I would be prepared to work for a UK or EU Parliamentary delegation to Poland, I guess, if I could be useful in assisting with dialogue, perhaps in the technical area. I do after all have several academic degrees pertinent to the questions of Energy and Climate Change.

But in a room full of politicians and communications experts, I felt a little like a fished fish. Here, then, is a demonstration. I was talking with Rhys Williams, the Coordinator of PRASEG, and telling him I’d met the wonderful Professor Geoff Williams, of Durham Univeristy, who has put together a system of organic light emitting diode (LED) lighting and a 3-D printed control unit, and, and, and Rhys actually yawned. He couldn’t contain it, it just kind of spilled out. I told myself : “It’s not me. It’s the subject matter”, and I promptly forgave him. Proof, though, of the threshold for things technical amongst Westminster fixers and shakers.

Poland. I mean, I know James Delingpole has been to Poland, and I thought at the time he was possibly going to interfere with the political process on climate change, or drum up support for shale gas. But I’m a Zero Carbon kind of actor. I don’t need to go far to start a dialogue with Poland by going to Poland – I have Poles living in my street, and I’m invited to all their barbecues. Maybe I should invite Professor Mayer Hillman to cycle over to Waltham Forest and address my near neighbours and their extended friendship circle on the importance of renewable energy and energy efficiency targets, and ask them to communicate with the folks back home with any form of influence.

Battle of the Lords

I don’t quite know what powers Lord Deben, John Gummer, but he looks remarkably wired on it. At this week’s PRASEG Annual Conference, he positively glowed with fervour and gumption. He regaled us with tales of debate in the House of Lords, the UK’s parliamentary “senior” chamber. He is a known climate change science adherent, and in speaking to PRASEG, he was preaching to the choir, but boy, did he give a bone-rattling homily !

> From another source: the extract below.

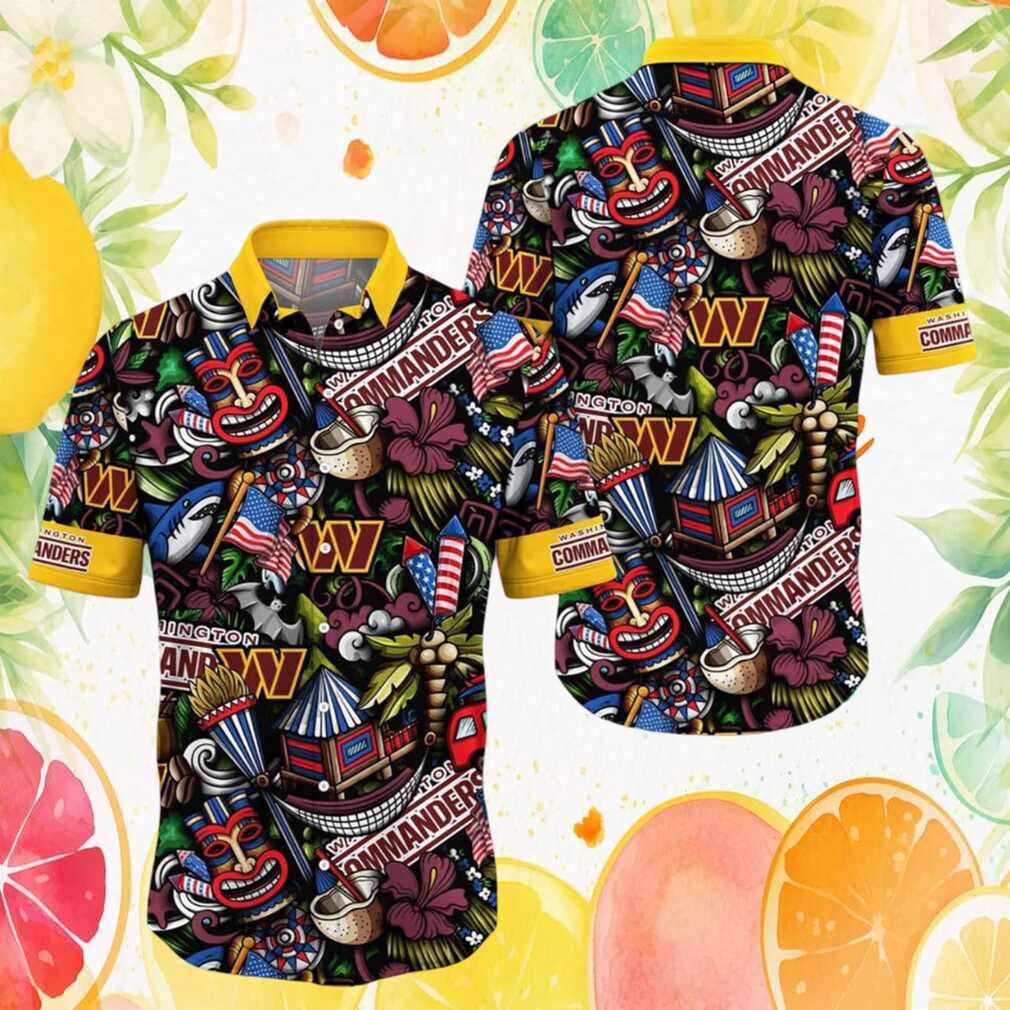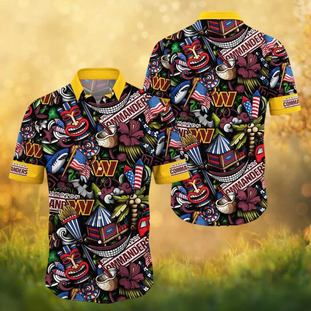 Show your Washington Commanders pride in style with this eye-catching Hawaiian shirt featuring patriotic American flag and fireworks designs blended with NFL team pride. Crafted from lightweight, breathable fabric with a comfortable button-up design and short sleeves, this shirt is perfect for Independence Day celebrations and gameday events. Available in a full range of sizes, it makes a fantastic gift for any Commanders fan.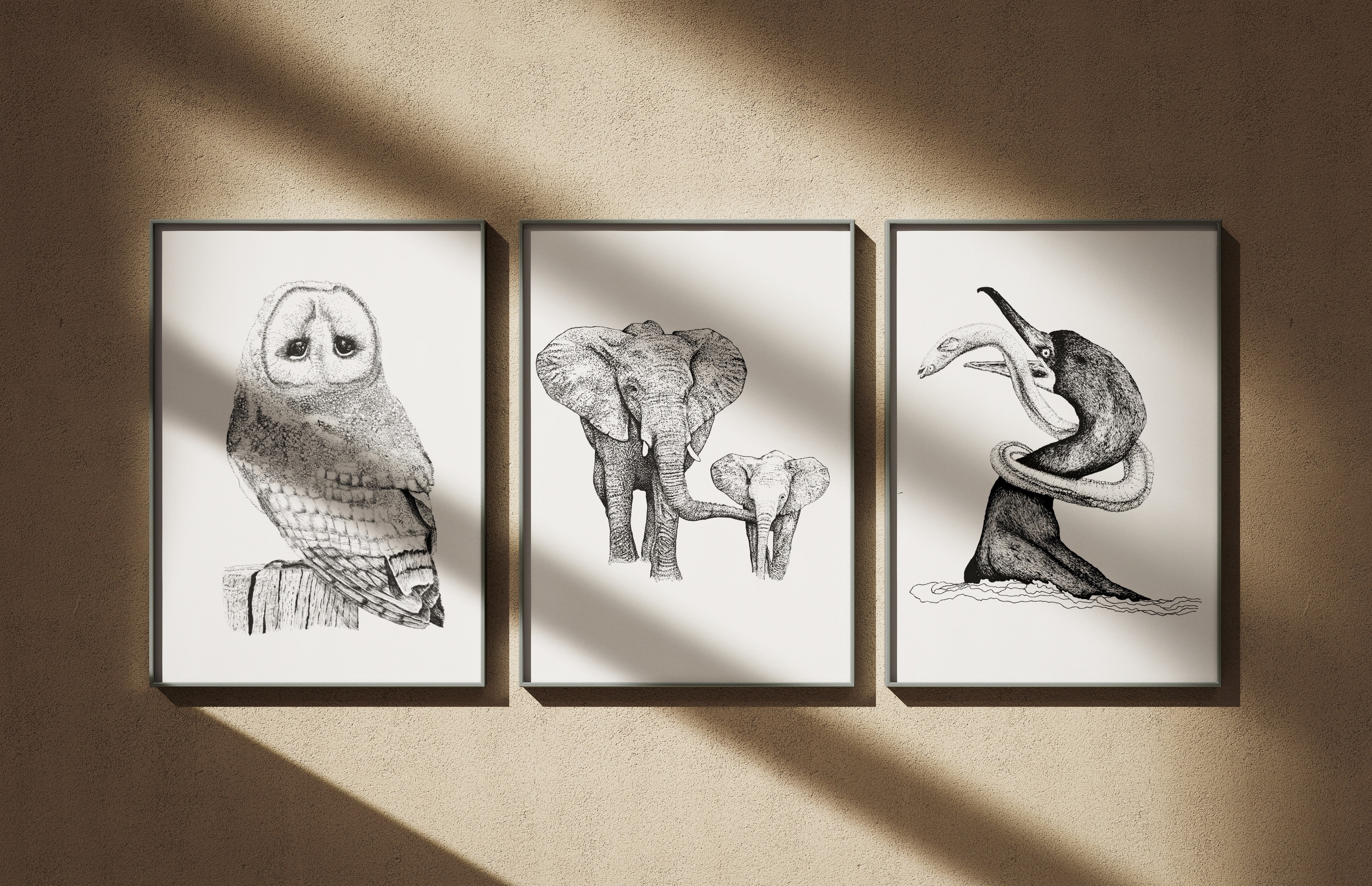 With a background in the sciences, and a lifetime observing nature and the world around her, Naomi has a good understanding of natural processes and the creatures that inhabit it. When she draws a creature she bases her images on personal experiences. She visualises how the creature moves beneath their skin, fur and scales, bringing a realism, alongside drama and humour, to her work. She finds this resonates with viewers, and may explain why one of her pieces was stolen from a professional gallery last summer.

As Chairman of the Committee on Climate Change, he is fighting the good fight for carbon targets to be established in all areas of legislation, especially the in-progress Energy Bill. He makes the case that emissions restraint and constraint is now an international business value, and of importance to infrastructure investment :-

“The trouble with energy efficiency is that it’s not “boys’ toys” – there’s no “sex” in it. It is many small things put together to make a big thing. We won’t get to a point of decarbonisation unless we [continuously] make [the case for] [continuous] investment. […] GLOBE [of which I am a member] in a report – 33 major countries – doing so much. […] Look at what China is doing. Now a competitive world. If we want people to come here and invest, we need to have a carbon intensity target in 2030 [which will impact] [manufacturing] and the supply chain. [With the current strategy, the carbon targets are] put down in 2020 and picked up again in 2050. Too long a gap for business. They don’t know what happens in between. This is not all about climate change. It is about UK plc.”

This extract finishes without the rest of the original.